• **The task**
Print the data below exactly as it stands, and keep the pictures out.

━━ Available data ━━

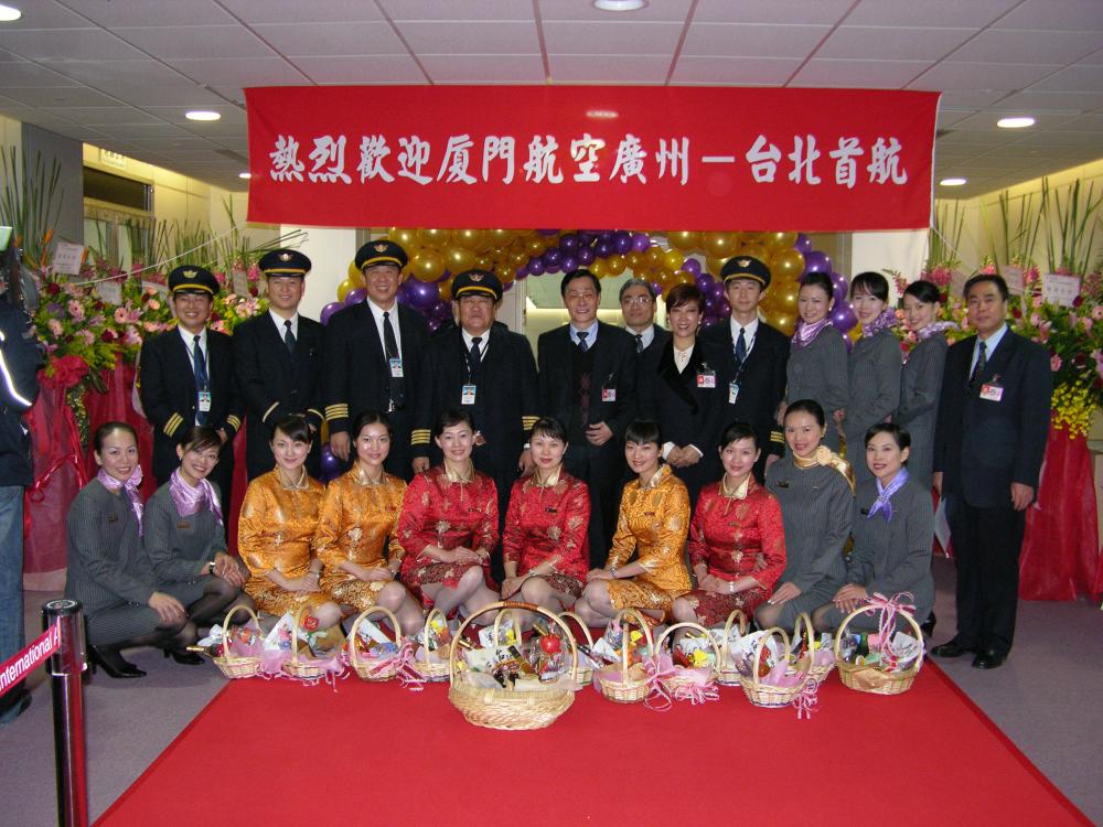 2005年,海峽兩岸首次開放春節(jié)包機。這是2005年1月29日,廈航作為大陸6家參與臺商春節(jié)包機直航的航空公司之一,圓滿完成了廣州-臺北往返包機任務。這是廈航首航臺北機組成員在臺北與迎接人員親切合影。
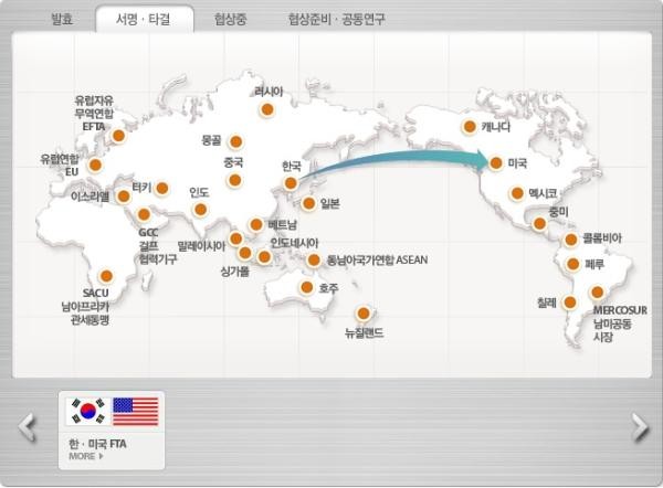 ▲FTA서명 및 협상타결 국가■ FTA서명 및 협상타결 국가: 韓-미국FTA
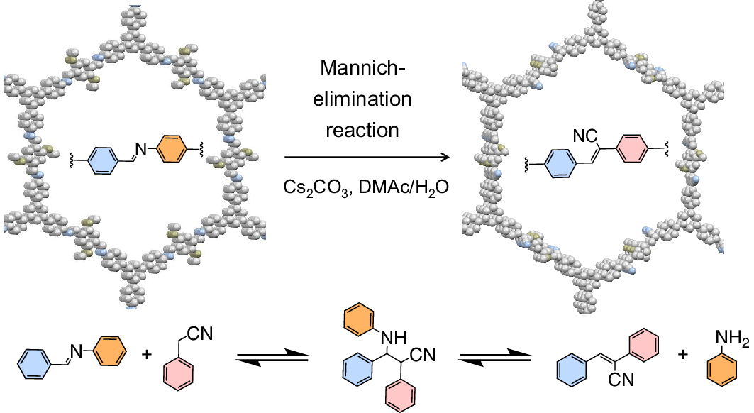 化学与分子工程学院等合作团队,创新性地提出Mannich–消除反应策略,通过可逆的C=C键形成机制,成功将8种二维聚亚胺转化为11种高结晶度二维聚(亚芳基亚乙烯),实现了对材料结晶行为的精准调控。
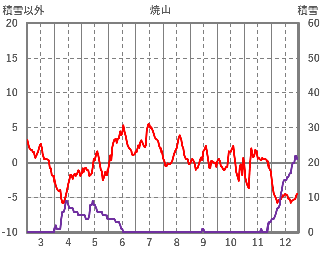 | 日 | 時 | 気温 | 降水 | 風向/風速 | 日照 | 積雪 | 降雪 |
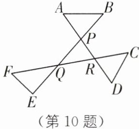 10. 8字模型 如图,平面上六个点 A,B,C,D,E,F 构成一个封闭折线图形,求∠A+∠B+∠C+∠D+∠E+∠F 的度数.
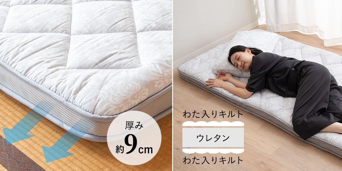 厚み約9㎝のマチ付き構造なので、布団の端までしっかりとした厚みを確保。側面には通気性の良いメッシュ素材を使用。
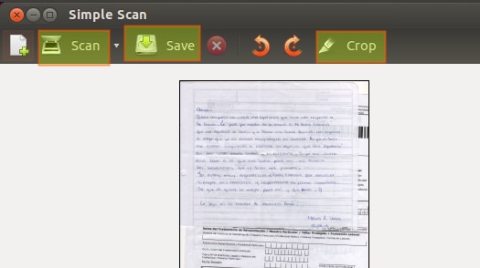 现在我们可以打开"Simple Scan"(或者其它扫描工具)并开始扫描文件。我们可以旋转,修剪,和保存生成的图片:
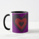 Diese stilvolle Tasse zeichnet sich durch ein wunderschönes Digitalbild eines gotischen Schwarz-Rot-Herzens aus, mit geröteten Kanten, die mit einem ätherischen Licht glänzen und schmelzen. Der Hintergrund ist lila.
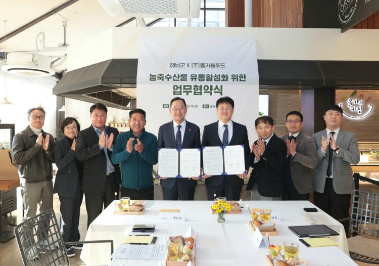 ¸íÇö°ü ÇØ³²±º¼ö´Â ¡°À̹ø ¾÷¹«Çù¾àÀº ³ó¾îÃ̼öµµ ÇØ³²ÀÇ ¸ÀÀÖ°í °Ç°ÇÑ ¸Ô°Å¸®°¡ ´ëÇѹα¹À» ³Ñ¾î ¼¼°è ½ÃÀåÀ¸·Î ÁøÃâÇÏ´Â Áß¿äÇÑ Ãâ¹ßÁ¡¡±À̶ó¸ç ¡°¾ÕÀ¸·Îµµ Áö¿ª ³ó»ê¹°ÀÇ °æÀï·Â °È¿Í ÆÇ·Î È®´ë¸¦ À§ÇØ ´Ù¾çÇÑ Çù·ÂÀ» À̾°Ú´Ù¡±°í ¹àÇû´Ù.
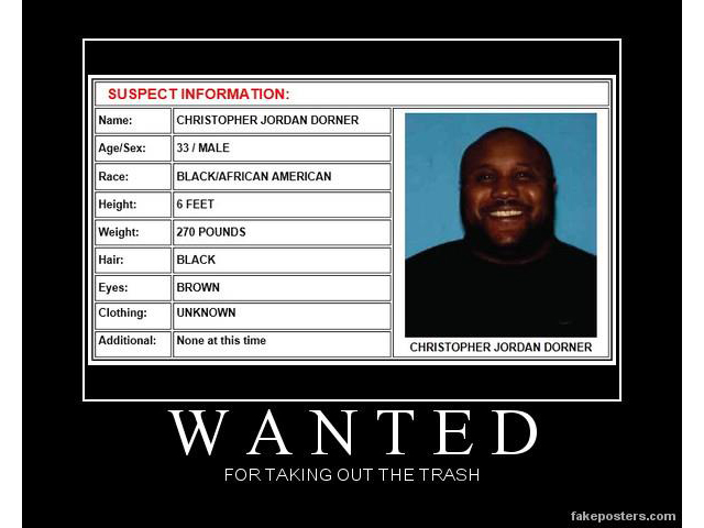 EPRCIChristopher Dorner taking out the trashChristopher Dorner. Wanted: For taking out the trash. | |

━━━

• **Problem solution**
 2005年,海峽兩岸首次開放春節(jié)包機。這是2005年1月29日,廈航作為大陸6家參與臺商春節(jié)包機直航的航空公司之一,圓滿完成了廣州-臺北往返包機任務。這是廈航首航臺北機組成員在臺北與迎接人員親切合影。
 ▲FTA서명 및 협상타결 국가■ FTA서명 및 협상타결 국가: 韓-미국FTA
 化学与分子工程学院等合作团队,创新性地提出Mannich–消除反应策略,通过可逆的C=C键形成机制,成功将8种二维聚亚胺转化为11种高结晶度二维聚(亚芳基亚乙烯),实现了对材料结晶行为的精准调控。
 | 日 | 時 | 気温 | 降水 | 風向/風速 | 日照 | 積雪 | 降雪 |
 10. 8字模型 如图,平面上六个点 A,B,C,D,E,F 构成一个封闭折线图形,求∠A+∠B+∠C+∠D+∠E+∠F 的度数.
 厚み約9㎝のマチ付き構造なので、布団の端までしっかりとした厚みを確保。側面には通気性の良いメッシュ素材を使用。
 现在我们可以打开"Simple Scan"(或者其它扫描工具)并开始扫描文件。我们可以旋转,修剪,和保存生成的图片:
 Diese stilvolle Tasse zeichnet sich durch ein wunderschönes Digitalbild eines gotischen Schwarz-Rot-Herzens aus, mit geröteten Kanten, die mit einem ätherischen Licht glänzen und schmelzen. Der Hintergrund ist lila.
 ¸íÇö°ü ÇØ³²±º¼ö´Â ¡°À̹ø ¾÷¹«Çù¾àÀº ³ó¾îÃ̼öµµ ÇØ³²ÀÇ ¸ÀÀÖ°í °Ç°ÇÑ ¸Ô°Å¸®°¡ ´ëÇѹα¹À» ³Ñ¾î ¼¼°è ½ÃÀåÀ¸·Î ÁøÃâÇÏ´Â Áß¿äÇÑ Ãâ¹ßÁ¡¡±À̶ó¸ç ¡°¾ÕÀ¸·Îµµ Áö¿ª ³ó»ê¹°ÀÇ °æÀï·Â °È¿Í ÆÇ·Î È®´ë¸¦ À§ÇØ ´Ù¾çÇÑ Çù·ÂÀ» À̾°Ú´Ù¡±°í ¹àÇû´Ù.
 EPRCIChristopher Dorner taking out the trashChristopher Dorner. Wanted: For taking out the trash. | |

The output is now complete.